The Court also cited the Arbitration and Conciliation (Amendment) Bill of 2018, being Bill No.100 of 2018, contains an amendment to Section 34(2)(a) of the principal Act, and proposed substitution of “furnishes proof that”, with “establishes on the basis of the record of the arbitral tribunal that”


Relying on Indus Mobile (Supra), the Court held that once courts in Mumbai have exclusive jurisdiction, read with the National Stock Exchange Bye-laws, it is clear that it is the Mumbai courts and the Mumbai courts alone, before which an award can be challenged under Section 34 of the Act. The arbitration that was conducted at Delhi was only at a convenient venue earmarked by the National Stock Exchange.

What is meant by the expression furnishes proof in Section 34(2) (a)?

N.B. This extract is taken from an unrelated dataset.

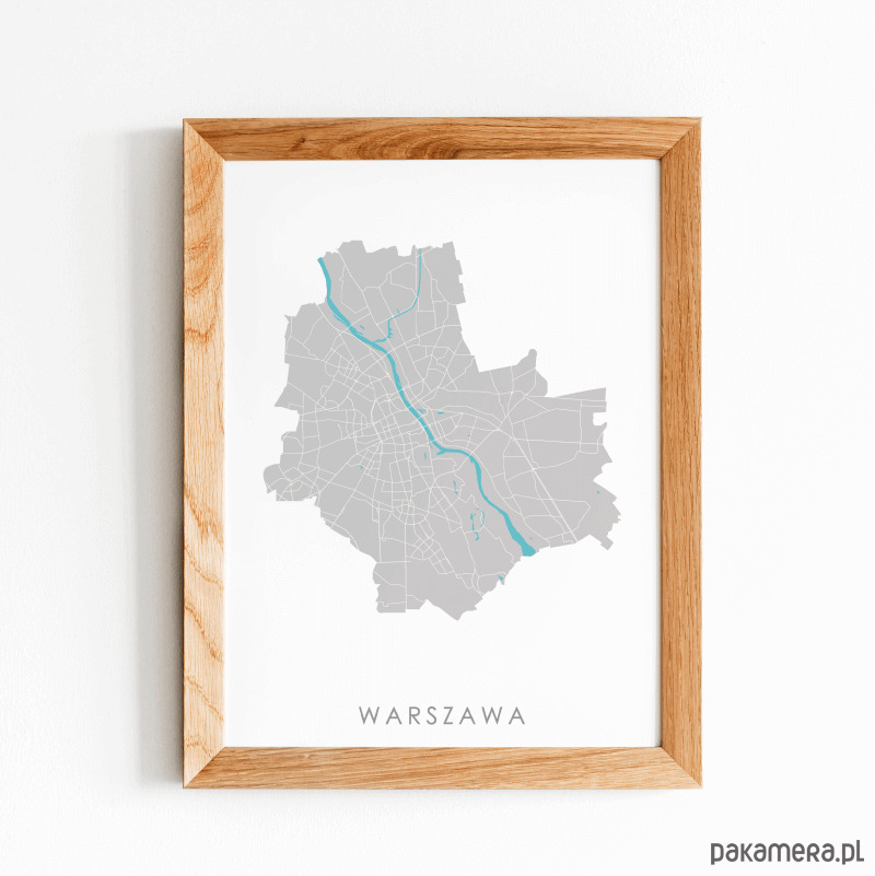 Mapa grafika Warszawy. Mapa przedstawia granice miasta z zaznaczonymi głównymi ulicami, rzekami i jeziorami. Mapa będzie oryginalną dekoracją wnętrza przywołującą wspomnienia. Dobrze komponuje się z wnętrzami minimalistycznymi, skandynawskimi czy industrialnymi.

After relying on several earlier judgments, the Court clarified the legal position by stating that an application for setting aside an arbitral award will not ordinarily require anything beyond the record that was before the Arbitrator. However, if there are matters not contained in such record, and are relevant to the determination of issues arising under Section 34(2)(a), they may be brought to the notice of the Court by way of affidavits filed by both parties. Cross-examination of persons swearing to the affidavits should not be allowed unless absolutely necessary, as the truth will emerge on a reading of the affidavits filed by both parties.